In: Finance
Explain the easiest way to create credit risk algorithm to sort a list of loan applicants?
When the customer apply for a loan granting application, one must investigate about what called 5 C’s which are Character (or Credit History), Cash Flow (or Capacity), Collateral, Capitalization and Conditions. It is helpful for evaluation loan application and it regarded as a helpful framework for estimate the credit risk related to a probable creditor.
1) Dataset: After doing preprocessing tasks and applying feature selection to choose the most important attribute we used 8 attributes Credithistory, Purpose, Gender, Credit amount, Age, Housing, Job and the Class:
2) MODEL IMPLEMENTATION: Prepare the training set, a records that are already have known class label. Build the model by applying one of learning algorithm using training set. Applied the model upon unknown data test set class. Evaluate the accuracy of the model.

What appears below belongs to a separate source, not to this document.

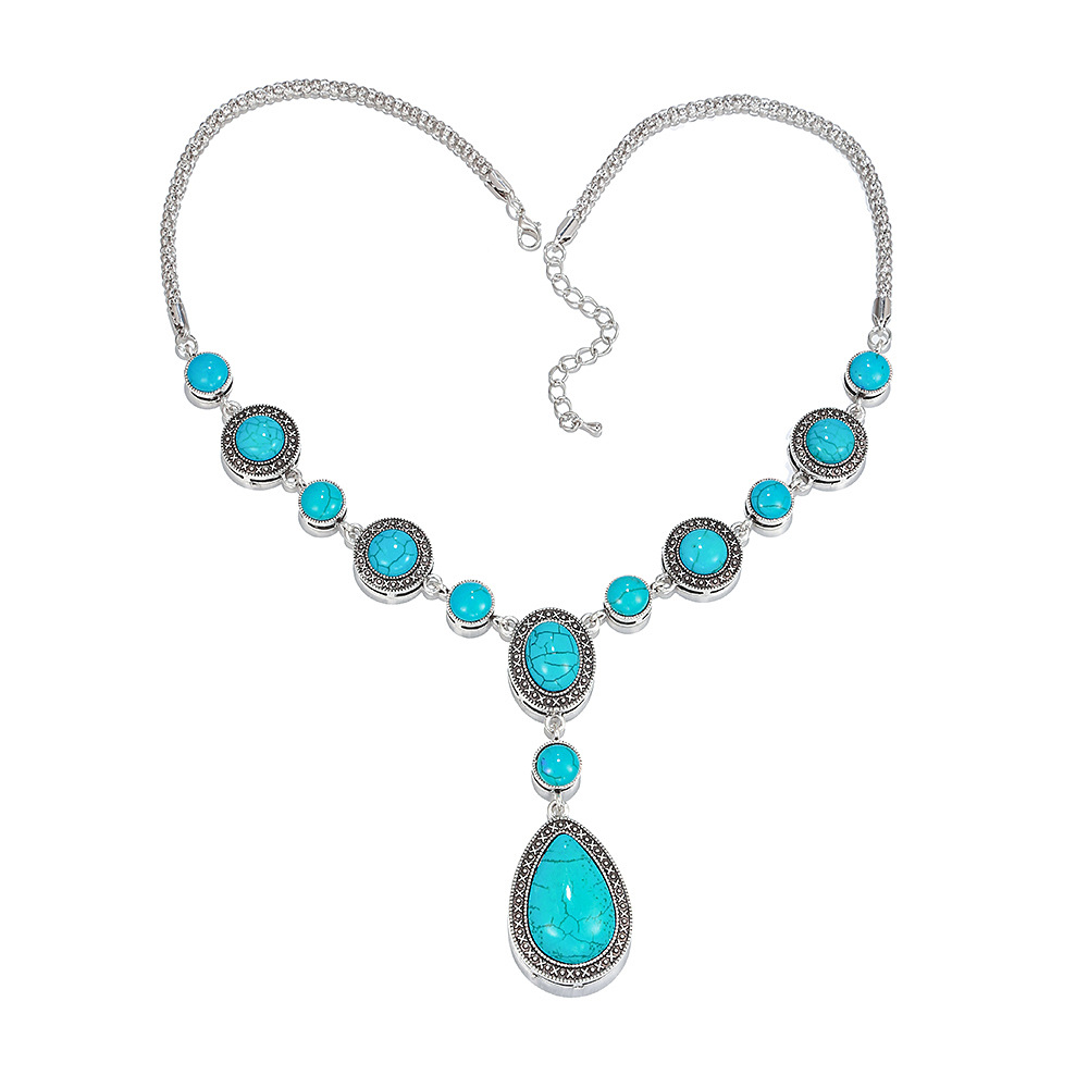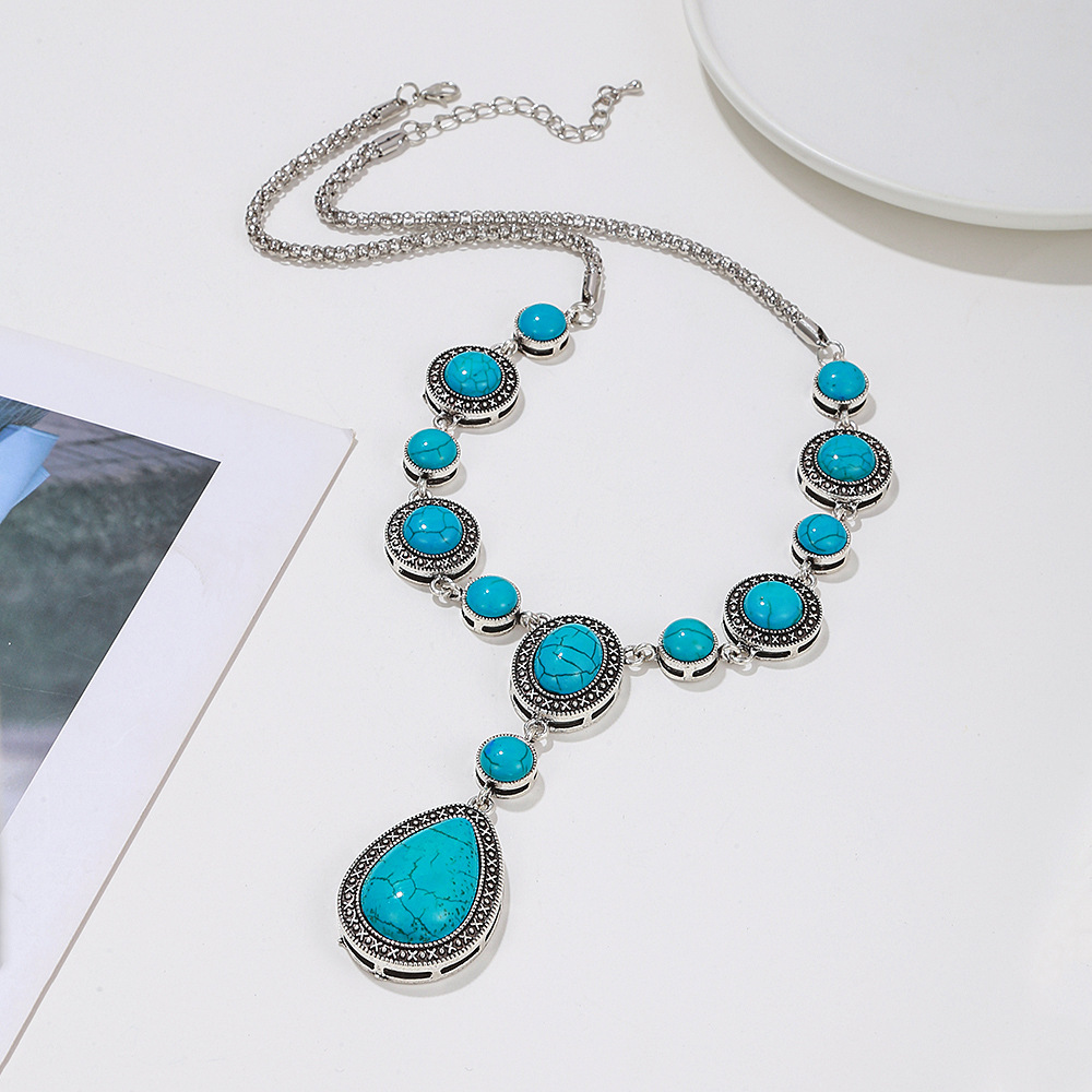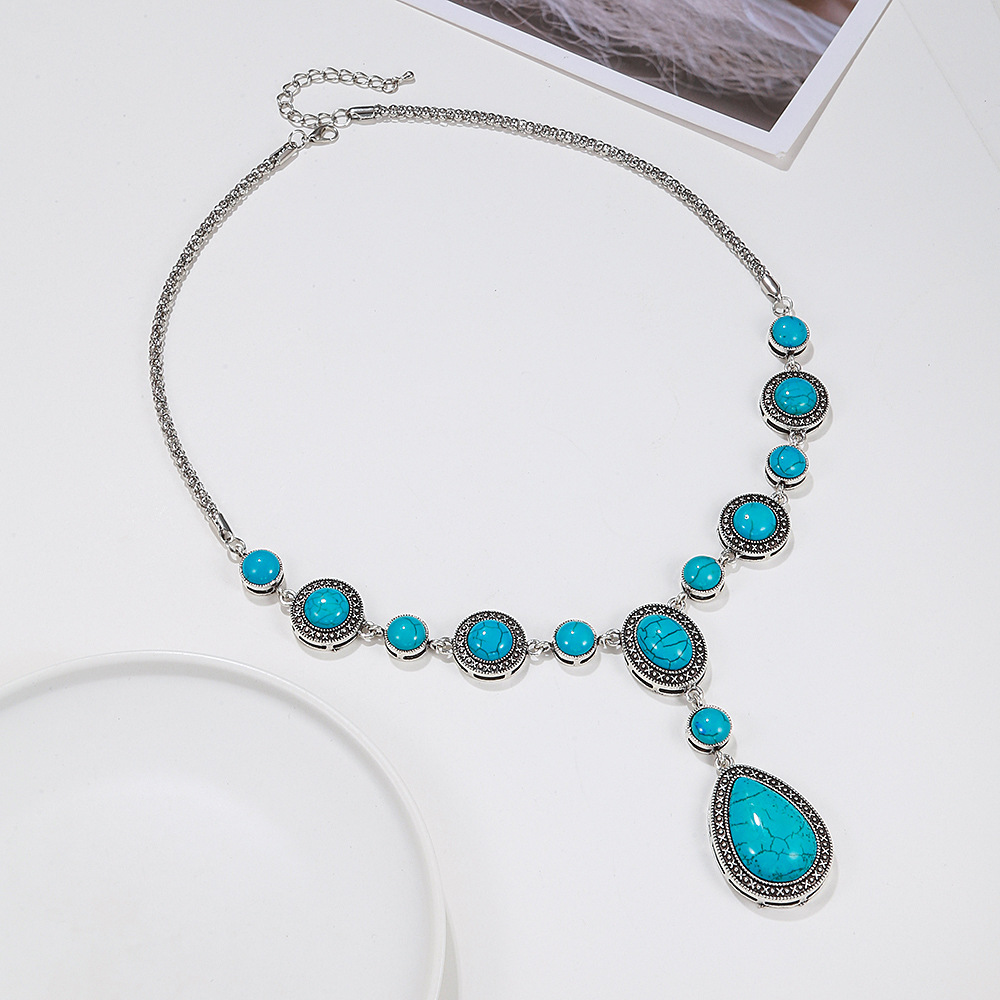 Color: Alloy blue turquoise drop-shaped necklace

2.1) J48 classification algorithm: J48 is the enhanced edition of C4.5 algorithms or can be viewed as C4.5 implementation.J48 takes as an input the set of tables and generate a decision tree as an output. The generated decision tree is alike to the structure of tree. It consists of root, intermediate and leaf node. The nodes in the generated tree contain a decision which guide to the result. It split the input data set into mutually exclusive sets, each set with a label. Splitting measure is applied to determine which attribute lead to the optimal splitting
2.2) BayseNet algorithm: This algorithm depends on the theorem of Bayse. We build Bayesian Network after calculating condition probability to all nodes. It represent a directed acyclic graph.
2.3) NaiveBayes The Bayesian is a supervised learning method.It characterized with it is elegance, simplicity, and robustness. For this reason it is became widely used in classification purposes. it supposes that attributes of a class are self-determining in real life.
Therefore, J48, BayesNet and NaiveBayes algorithms can be used to build a predictive models that can be used to predict and classify the applications of loans that introduced by the customers to good or bad loan by investigate customer behaviors and previous pay back credit.